Using the entries that follow, give the number of lines containing the string "with". Write nothing besides that number.
BEGIN Records for processing
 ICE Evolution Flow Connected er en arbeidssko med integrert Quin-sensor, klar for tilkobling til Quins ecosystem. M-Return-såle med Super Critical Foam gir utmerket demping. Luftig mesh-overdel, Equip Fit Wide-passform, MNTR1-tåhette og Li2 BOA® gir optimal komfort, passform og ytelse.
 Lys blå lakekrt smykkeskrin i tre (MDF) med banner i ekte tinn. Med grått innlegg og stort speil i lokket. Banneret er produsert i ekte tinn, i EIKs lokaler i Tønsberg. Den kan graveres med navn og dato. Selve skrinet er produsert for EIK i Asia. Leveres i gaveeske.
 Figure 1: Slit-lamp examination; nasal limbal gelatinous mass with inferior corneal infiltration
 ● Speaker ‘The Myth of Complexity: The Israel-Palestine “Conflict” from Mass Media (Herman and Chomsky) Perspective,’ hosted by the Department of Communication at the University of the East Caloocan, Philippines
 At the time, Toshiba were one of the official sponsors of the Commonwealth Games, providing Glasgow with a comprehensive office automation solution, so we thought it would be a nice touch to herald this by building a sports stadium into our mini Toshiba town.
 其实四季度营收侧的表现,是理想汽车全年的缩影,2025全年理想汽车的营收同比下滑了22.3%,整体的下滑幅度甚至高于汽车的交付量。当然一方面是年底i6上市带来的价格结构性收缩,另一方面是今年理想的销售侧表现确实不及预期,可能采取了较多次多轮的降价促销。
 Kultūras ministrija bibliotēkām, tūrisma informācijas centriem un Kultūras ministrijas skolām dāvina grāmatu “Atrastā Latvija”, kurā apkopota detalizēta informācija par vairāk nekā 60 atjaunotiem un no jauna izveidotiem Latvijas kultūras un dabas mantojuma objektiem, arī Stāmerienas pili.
END Records for processing
BEGIN Records for processing
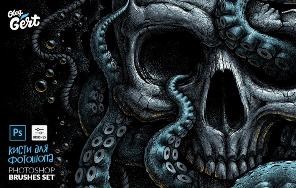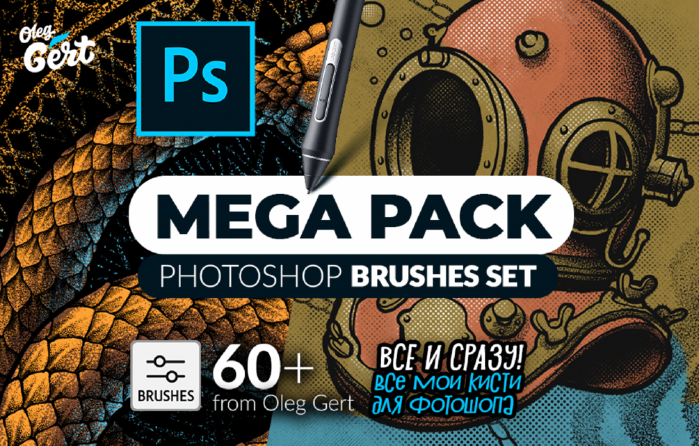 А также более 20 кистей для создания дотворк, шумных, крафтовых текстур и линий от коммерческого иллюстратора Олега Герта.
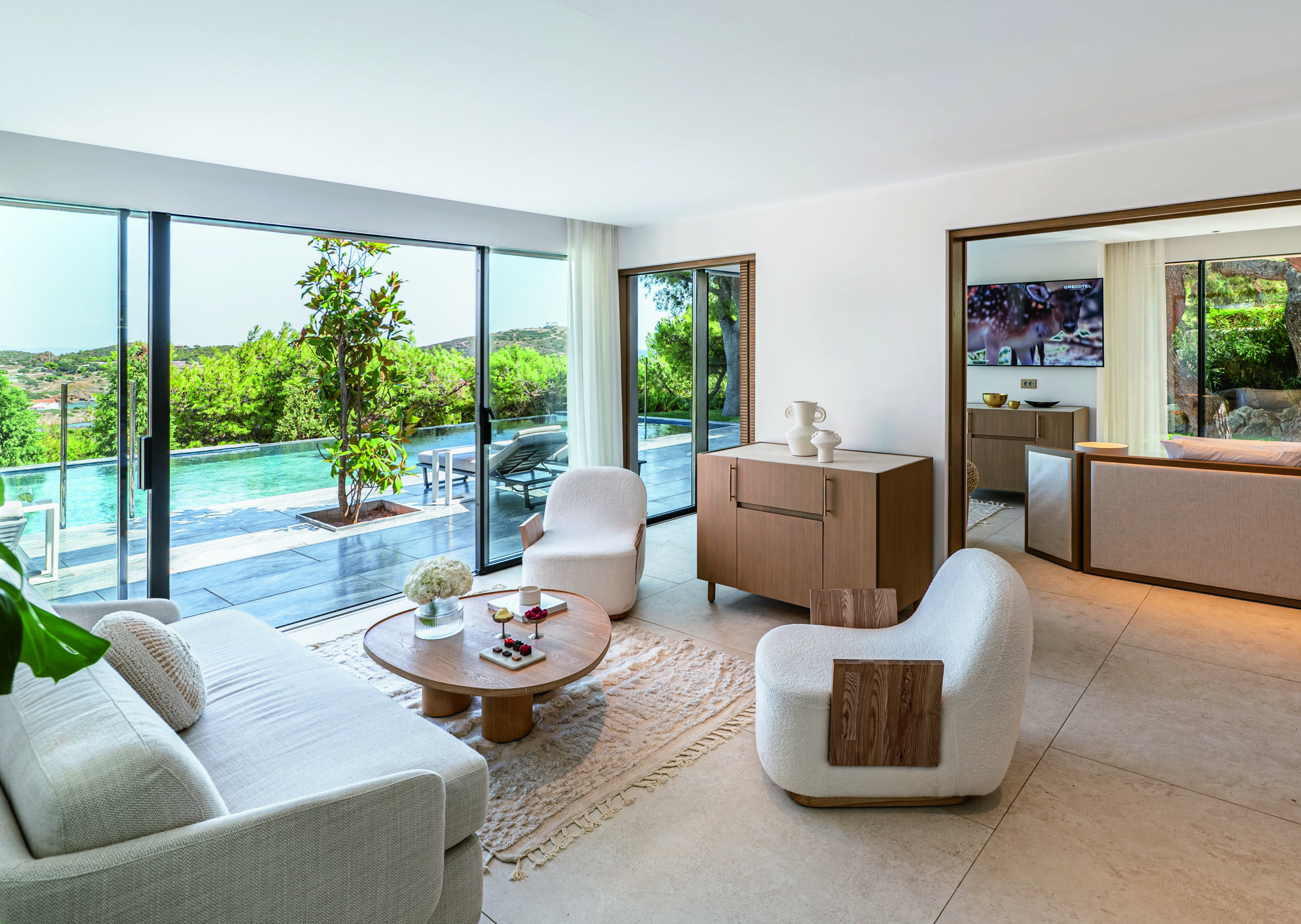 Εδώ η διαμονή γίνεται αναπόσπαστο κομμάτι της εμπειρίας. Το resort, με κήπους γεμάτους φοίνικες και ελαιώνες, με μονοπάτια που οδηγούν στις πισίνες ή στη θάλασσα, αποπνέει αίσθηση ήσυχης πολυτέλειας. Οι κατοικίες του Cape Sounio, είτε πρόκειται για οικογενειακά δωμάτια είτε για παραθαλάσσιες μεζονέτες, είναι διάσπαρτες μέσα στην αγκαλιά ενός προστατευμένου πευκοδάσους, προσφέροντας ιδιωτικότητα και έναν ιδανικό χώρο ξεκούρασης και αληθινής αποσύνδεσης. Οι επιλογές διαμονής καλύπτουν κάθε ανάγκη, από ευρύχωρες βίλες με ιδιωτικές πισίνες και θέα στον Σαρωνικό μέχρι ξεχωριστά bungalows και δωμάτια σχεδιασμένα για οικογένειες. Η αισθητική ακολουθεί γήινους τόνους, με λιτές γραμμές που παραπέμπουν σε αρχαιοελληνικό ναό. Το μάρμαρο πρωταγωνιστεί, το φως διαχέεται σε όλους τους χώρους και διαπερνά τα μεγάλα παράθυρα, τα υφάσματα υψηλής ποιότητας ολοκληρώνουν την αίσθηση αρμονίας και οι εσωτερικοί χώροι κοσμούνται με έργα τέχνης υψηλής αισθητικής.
END Records for processing
■ Written solution
2